Just under half of those who stopped working during the pilot returned to
school to improve their future employability (40.6%).

>Those who were working both before and during the pilot reported improvements
in their rate of pay (37%), working conditions (31%) and job security (27%).
The entire survey sample reported other work-related improvements such as
searching more easily for a job (61%),staying motivated to find better
employment (79%) and starting school or an educational training program (26%).

[https://labourstudies.mcmaster.ca/documents/southern-
ontario...](https://labourstudies.mcmaster.ca/documents/southern-ontarios-
basic-income-experience.pdf)

------
ravenstine
I'm not optimistic about basic income for the average person.

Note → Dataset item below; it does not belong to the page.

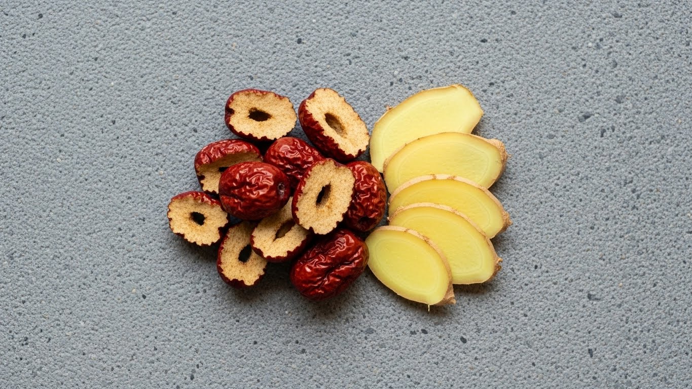 대추의 수렴(收斂)과 방어: 이때 대추가 등장합니다. 대추의 진득한 단맛과 진액은 생강의 매운맛을 부드럽게 감싸 안고, 생강이 기운을 너무 밖으로 빼지 않도록 적절히 잡아주는 역할을 합니다. 무엇보다 자극받은 위벽을 보호하여 속을 편안하게 해줍니다.

That said, I know that if I had basic income, I would spend my time building
things for the world. There are lots of side projects that I have worked on or
want to work on, but simply haven't been able to get them off the ground
because I don't have the time to dedicate enough mental energy. There's too
much at stake for me to compromise my current job to work on something that
may or may not succeed. I could work on projects after hours or during the
weekend, but I've found this to be too spiritually exhausting and simply
impractical; I have a hard time maintaining momentum if I can't dedicate more
than half my time to something.

If I could get by with the basics and not have to be employed, I could
actually get something done that not only might help the world but employ
others.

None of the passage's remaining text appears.